GhanaWeb is particularly well-liked by Ghanaians living in the United States, the United Kingdom, Germany, Canada, Italy, South Africa, the Netherlands, and France, as evidenced by the website’s high Alexa traffic rank.
Thanks to these repeat users and their millions of regular readers, GhanaWeb has quickly become the country’s go-to source for news and is now the third most-visited website in Ghana, behind only Google and YouTube.
The Editorial Staff of Ghanaweb’s Entertainment Section
GhanaWeb’s editors and writers work round the clock to bring you fair and balanced reporting on the news from Accra.
The privately owned, unbiased portal has a dedicated staff of web engineers and designers who work tirelessly to maintain and enhance the platform’s streamlined technology and attractive design in order to better serve the portal’s 4 million monthly unique visitors.
The AfricaWeb Holding company, of which GhanaWeb is a subsidiary, offers digital solutions to print media companies across Africa.
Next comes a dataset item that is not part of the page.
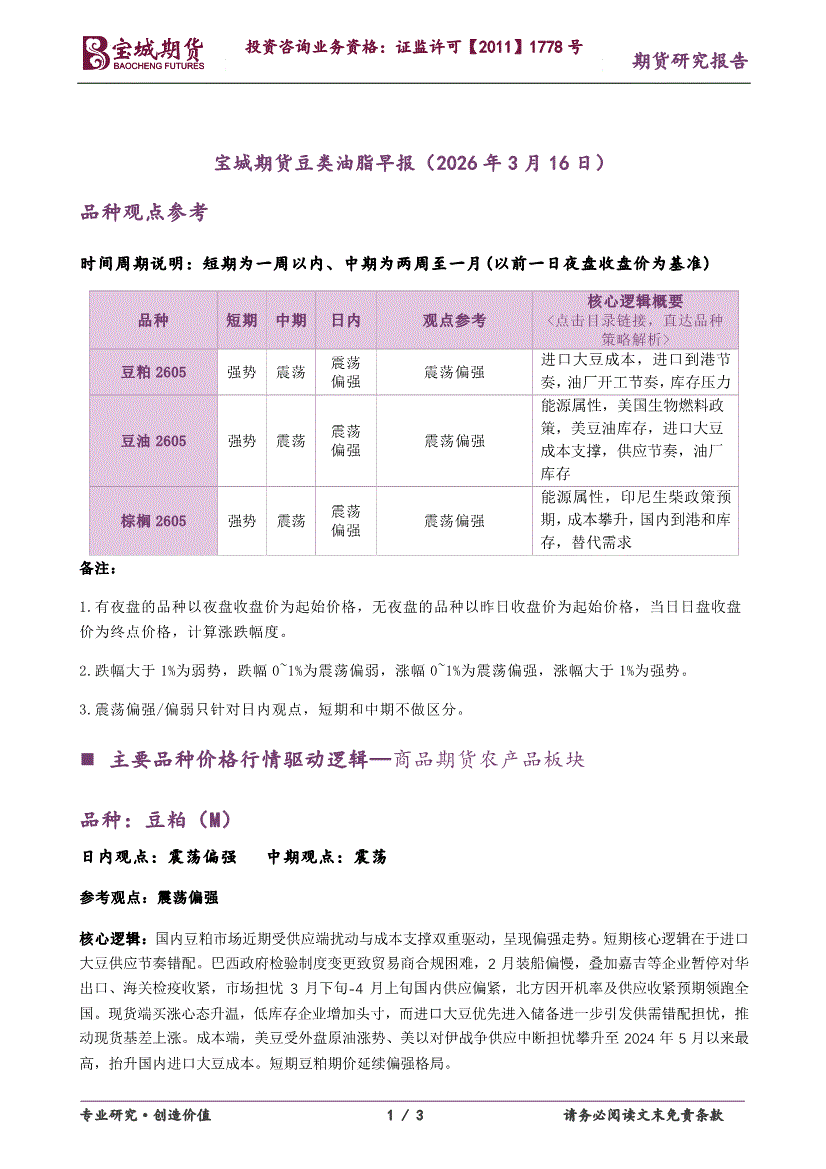 宝城期货-豆类油脂早报-260316

As part of its mission to provide sustainable independent news portals, advertising, and publishing solutions for Africa, AfricaWeb also owns sites such as CamerounWeb.com, TanzaniaWeb.com, and MyNigeria.com.
The Editorial Staff of GhanaWeb follows the guidelines established by the AfricaWeb Group. The group’s copyright issues are handled by AfricaWeb Publishing, which also manages and licences all content within the group. If you want to get in touch with the editors of GhanaWeb or AfricaWeb Publishing, please visit our Contact Page.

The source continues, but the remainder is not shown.